Like a car enthusiast that gets excited by the latest fast sports car, I get excited about fast computers. I have absolutely no need for a fast computer as most of my tasks are mundane and run fine on a 5 year old computer, just like I’m never going to take my car to a race track, but I still enjoy seeing the benchmarks on the latest SoCs/CPUs and going “oh wow that’s quick” when the numbers are a few percent bigger than the same time last year.
Because Apple have a 14-day no-questions-asked return policy and I thought it would be something interesting to write about, I abused my credit card to get Mac Studio featuring the brand spanking new M2 Ultra SoC.
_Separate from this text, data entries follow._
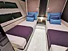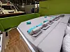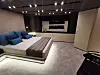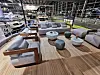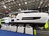 Innvendig er det en svært god romfølelse, selv når båten står inne i en messehall og slipper for det meste kunstlys gjennom vinduene. Stiler er sofistikert italiensk, med en blanding av polert rustfritt stål, gråfarget eik , skinnende svart Marquina-marmor og lyse tepper. Det er som å komme i en annen verden, selv om dette er en av flere båter vi besøker i luksushallen. Denne båten har mannskapslugar, for øvrig plass til mannskap på to, og har i tillegg fire andre lugarer. To store og to mindre. Som alle andre større båter er det her mulig for en kommende eier å skreddersy båten for deres behov. Prislappen ligger på om lag 50 millioner kroner, men sammenlignet med andre båter i tilsvarende prisklasse er dette en båt som skiller seg ut med sitt eget formspråk og design i særklasse.
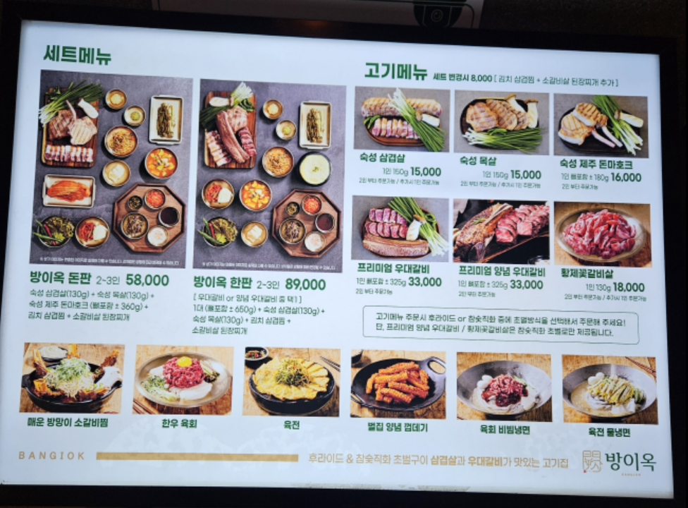 방이옥은 소고기와 돼지고기를 함께 파는 곳이에요.
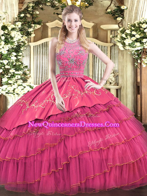 Chic Hot Pink Ball Gowns Satin and Tulle Halter Top Sleeveless Beading and Embroidery and Ruffled Layers Floor Length Zipper Sweet 16 Dress
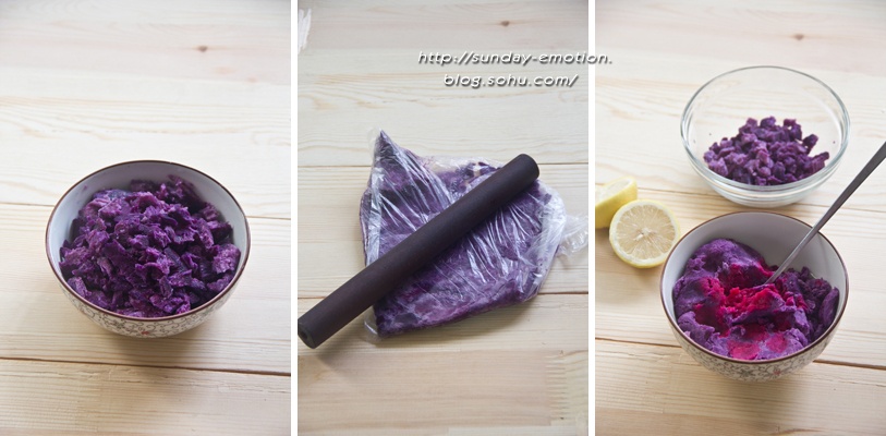 紫薯蒸熟,去皮,放凉,入保鲜袋系好,用擀面杖擀成泥。

If you’re unfamiliar with the M2 Ultra, it uses TSMC’s N5P process, a refinement of the N5 process used in the Zen 4 CPUs (Ryzen & EPYC) made by TSMC for AMD. It’s essentially the most advanced semiconductor tech on the market. The smallest of transistors money can buy! The M2 Ultra has 24x ARM64 cores, 16 of which are “high performance” and 8 are “high efficiency”.
As Apple explains, the M2 Ultra is two M2 Max “dies” stitched together through a 2.5TB/s interprocessor interconnect, but appears as a single CPU to the system. Unlike traditional CPUs, the M2 Ultra also includes memory integrated into the SoC, enabling a whopping 800GB/s of memory bandwidth. DDR5-5200 memory in a “traditional” PC has a maximum of around 64GB/s. There’s also a decent GPU built-in, with 60-cores.
The only high performance thing I do regularly is crunching a shitload of TIFF files into RAR files for uploading to the Internet Archive (which only supports RAR & ZIP unfortunately), so that’s where I started.
My main rig for that task is a Lenovo P700 workstation with 2x Intel E5-2670 v3 (24C/48T) CPUs and 128GB of RAM with a GTX1650 GPU running Ubuntu 23.04:
time tar --use-compress-program="pigz -9 -k -p48" -cvf /media/decryption/samsung250/out2.gz ~/apc/1980_01/*.tiff
1m 5.885s
time ~/rar/rar a -ep -ep1 -htb -ma5 -md128m -rr10 -mt48 -s /media/decryption/samsung250/out2.rar ~/apc/1980_01/*.tiff
6m 6.981s
The Apple M2 Ultra (24C/24T) did the same thing (running macOS Ventura):
time tar --use-compress-program="pigz -9 -k -p24" -cvf /Volumes/sam1tb/apcziptest2.gz ~/Documents/apc/*.tiff
1m 0.22s
time ~/rar/rar a -ep -ep1 -htb -ma5 -md128m -rr10 -mt24 -s /Volumes/sam1tb/out2.rar ~/Documents/apc/*.tiff
3m 32.83s
Not surprised that the rar command completes in half the time, but I am surprised the pigz command (parallel zip) is only 8% faster on the M2 Ultra. Unlike WinRAR, the CPU was going at full tilt on both computers, so it’s not like the disks were holding things back.
The upside however is that the M2 Ultra did it with using less than half the power. Roughly 80W with the pigz test with CPU at 100% compared to over 200W on the dual Xeons. It’s also virtually silent and puts way less heat into the room.
I know it’s unfair to compare a CPU from 2015 to the M2 Ultra, but it’s all I’ve got on me at the moment! Nobody sells PCs with an as generous return policy as Apple so it’s hard to get my hands on a modern Ryzen 7000 or 13th-gen Intel PC.